В самом деле, Платонов уже в 1930-е годы подверг переоценке роль литературы и, соответственно, задачи писателя в социальной практике[333]
. Но, как мы видели, и в начале своей литературной деятельности он считал изменение порядка языка первым шагом к изменению действительности. Но тогда Платонов думал, что литература и искусство имеют дело не с действительностью, а лишь с ее символами, образами и «тенями» на ее поверхности. При этом он отсылал к противопоставлению «поэзии пролетарской эпохи» как организации символов природы и поэзии «после пролетарской эпохи» как организации самой природы, предполагающей ее изменение[334]. Практическое участие в приближении этой последней эпохи человечества, предполагающей конец истории и, соответственно, литературы как «малого дела», направленного на ее завершение, убедило Плато нова в неоправданности таких надежд. Но это не означало отказа от самой цели. Поэтому Платонов вернулся к «малому делу литературы», сосредоточившись на работе с языком как поиске способов его разрушения. Помимо прочего, уточнение упомянутого различия означало изменение в понимании самого языка, который Платонов перестал относить исключительно к «надстройке». Для нашей темы это важно, потому что подразумевает, в частности, открытие Платоновым языка как особой машины, а отнюдь не отказ от его технической интерпретации.

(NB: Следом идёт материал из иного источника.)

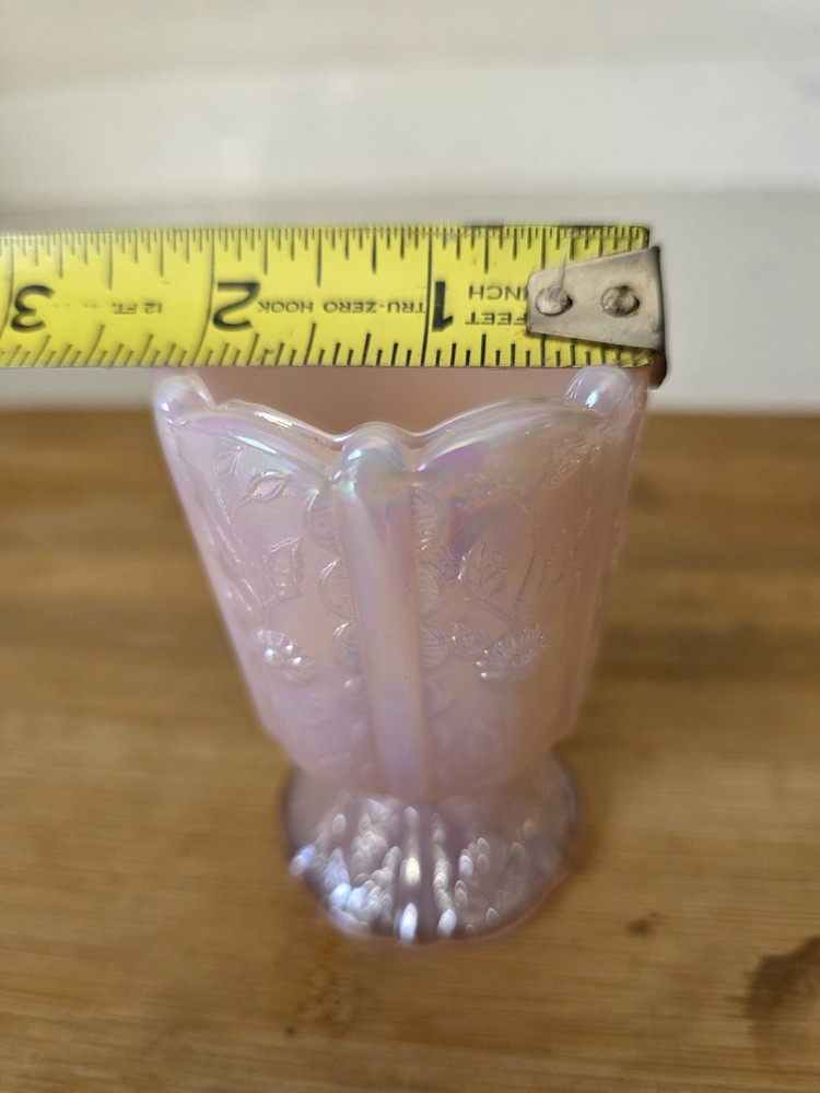 The Vintage Fenton Light Pink Paneled Daisy Toothpick Holder is a charming collectible piece made of opalescent pearl glass in the United States. Standing at 3 5/8 inches tall and 2 1/4 inches wide, this original toothpick holder features a beautiful paneled daisy pattern, adding a touch of elegance to any kitchen or dining room. This rare find from the renowned Fenton brand is a unique and delightful addition to any vintage collection. Excellent condition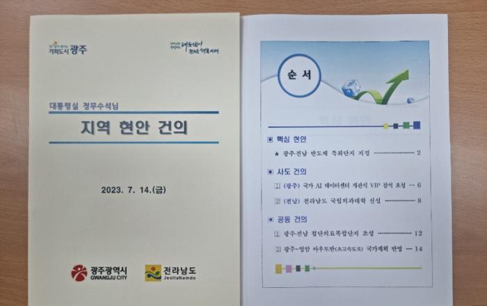 강기정 광주광역시장과 김영록 전라남도지사는 전국 유일 초광역 ‘광주‧전남 반도체 특화단지’ 유치를 위해 막바지 총력전을 펼쳤다.양 시‧도지사는 14일 용산 대통령실에서 이진복 정무수석과 면담을 갖고, 반도체 특화단지 지정을 앞두고 광주‧전남 유치 당위성을 적극 피력했다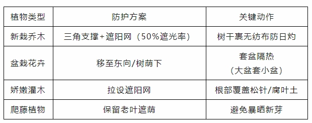 新栽苗木:搭遮阴网+早晚喷雾补水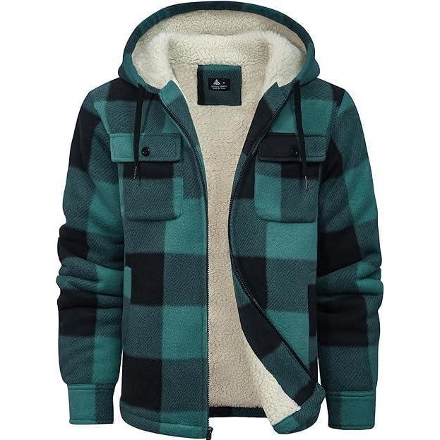 ZITY Men's Flannel Hooded Jacket Fleece Sherpa Lined Plaid Shirts Jackets Zip Up Sweatshirt Hoodies for Men with 4 Pockets(Green)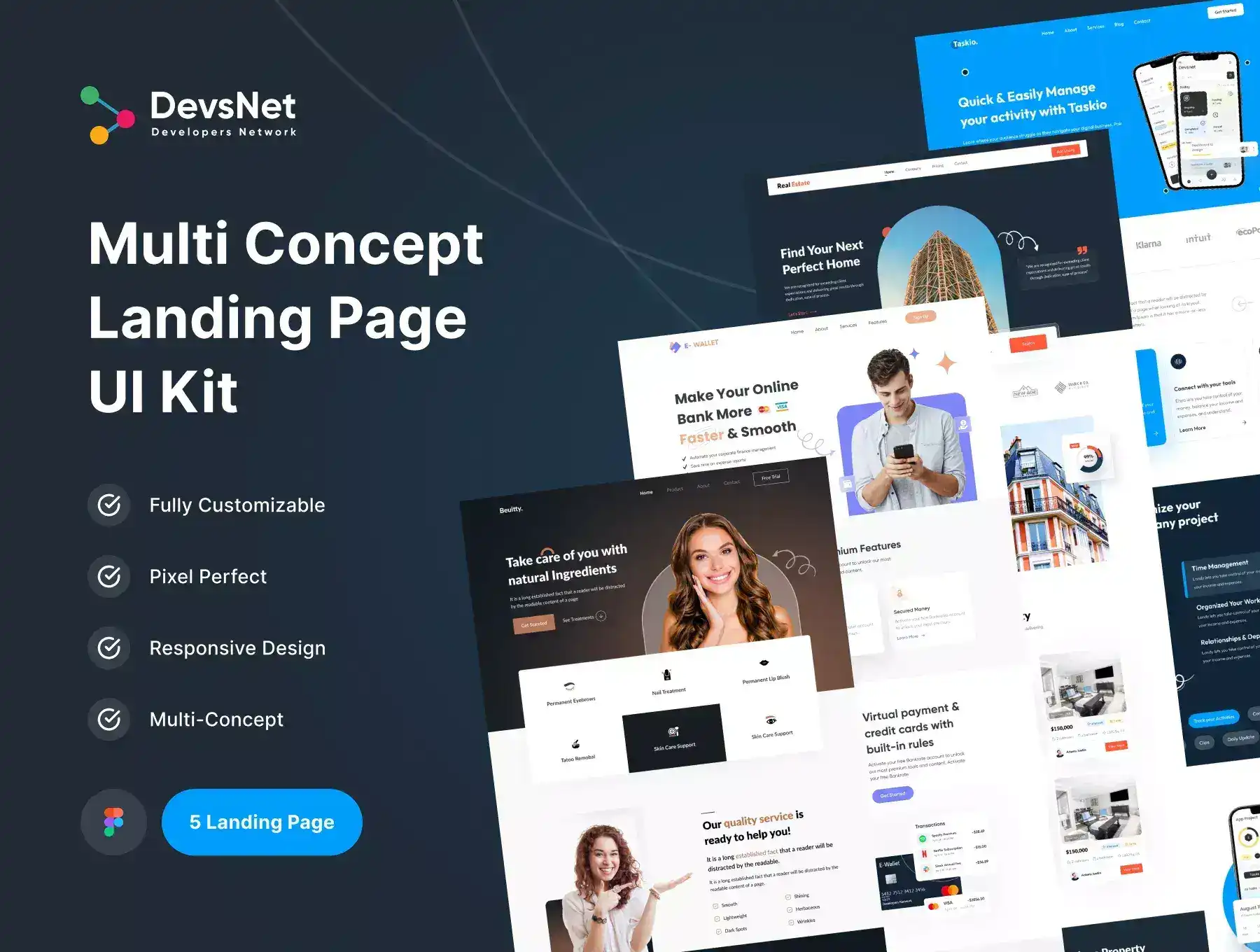 Various types of Landing pages for Crypto/NFT, Product, Fintech, Real Estate, App landing page. A perfect design that will suit your business growth. Landing pages built for Figma that will help you work faster & better than ever before.
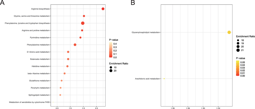 Les voies métaboliques significativement enrichies (p < 0,05) sont présentées pour le groupe acupuncture réelle (A) et le groupe acupuncture simulée (B), selon l’analyse Kyoto Encyclopedia of Genes and Genomes (KEGG). Dans le groupe acupuncture réelle, les voies enrichies concernent principalement le métabolisme des acides aminés et des nucléotides, tandis que dans le groupe acupuncture simulée, les enrichissements observés sont essentiellement liés au métabolisme lipidique.

Напротив, вместо чисто инструментального понимания технического у зрелого Платонова появилась идея гуманизации машины за счет включения в размышления над техникой антропологической и социальной проблематики[335]. Это расширение контекста действия языка, в свою очередь, уберегло Платонова от того, чтобы язык в его понимании замкнулся на себе самом, и одновременно уточнило смысл автономности языка внутри социального целого как особого рода ремесла или мастерства, ориентированного на радикальное изменение социальной действительности в коммунистической перспективе.Позиция В.А. Подороги
В.А. Подорога в известном тексте начала 1990-х «Евнух души» описал имманентную «произведению» Платонова структуру зрения, существенно определяющую способ чтения его текстов[336]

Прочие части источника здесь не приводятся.